Выбрать главу

Слушая это замечание, я не прекращал краснеть, вспоминая свое собственное прошлое в бытность обычным человеком. Моя жена была для меня священным объектом, и я превозмогал все привязанности, однако, услышав слова матери Лизиаса, я вспомнил слова древнего завещания: «не желай дома ближнего твоего, не желай жены ближнего твоего, ни раба его, ни рабыни, ни осла его, ни вола, ни какой-либо другой вещи, что принадлежит ему». В этот момент я почувствовал себя неспособным больше продолжать осуждать случай Тобиаса. Собеседница, словно воспринимая моё личное волнение, продолжила:

– Там, где усилия по налаживанию отношений являются задачами практически каждого, должно быть место для понимания и большого уважения к божественному милосердию, которое предлагает нам столько путей для достижения справедливого исправления. Любой опыт существа, связанный с определенным полом, является событием огромной важности для него самого. Поэтому братское взаимопонимание предшествует любой работе по истинному спасению. Недавно я услышала, как великий наставник Министерства Возвышения уверял, что если у него была бы возможность, то он материализовался бы в физических сферах, чтобы сказать всем верующим, что милосердие для проявления своей божественной сущности должно основываться на братстве.

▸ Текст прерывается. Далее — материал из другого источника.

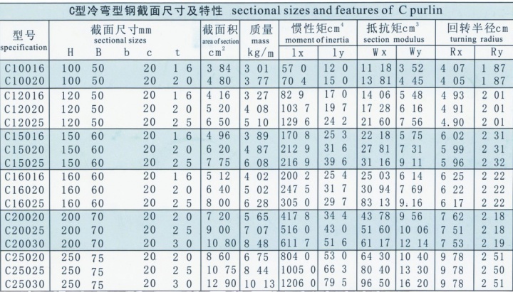 镀锌C型钢、热镀锌电缆桥架C型钢、 玻璃卡槽C型钢、玻璃幕墙C型钢、走线槽C型钢、 加筋C型钢、双抱C型钢、单边C型钢、 手动叉车C型钢、 不等边C型钢、直边C型钢、斜边C型钢、内卷边C型钢、内斜边C型钢、屋面(墙面)檩条C型钢、汽车型材C型钢、高速公路立柱C型钢、太阳能支架C型钢(21-80系列)、 模板支撑C型钢、设备用精密C型钢等等。

В этот момент хозяйка дома пригласила меня навестить Элоизу, которая все еще находилась под наблюдением в домашней обстановке, давая понять, что не желает давать другие разъяснения касательно этого вопроса, Проверив как идет выздоровление молодой девушки, недавно прибывшей с планеты, я вернулся в Палаты Исправления, погруженный в глубокие размышления.

Сейчас я уже больше не беспокоился ни о случае Тобиаса, ни о положении Хильды и Люсианы. На меня произвело сильное впечатления грандиозные вопросы человеческого братства.

КТО СЕЕТ, ТОТ И ПОЖИНАЕТ

Я не знал, как объяснить, почему я чувствовал такую тягу и желание посетить женский департамент Палат Исправления. Я поговорил об этом с Нарциссой и она немедленно удовлетворила мой интерес.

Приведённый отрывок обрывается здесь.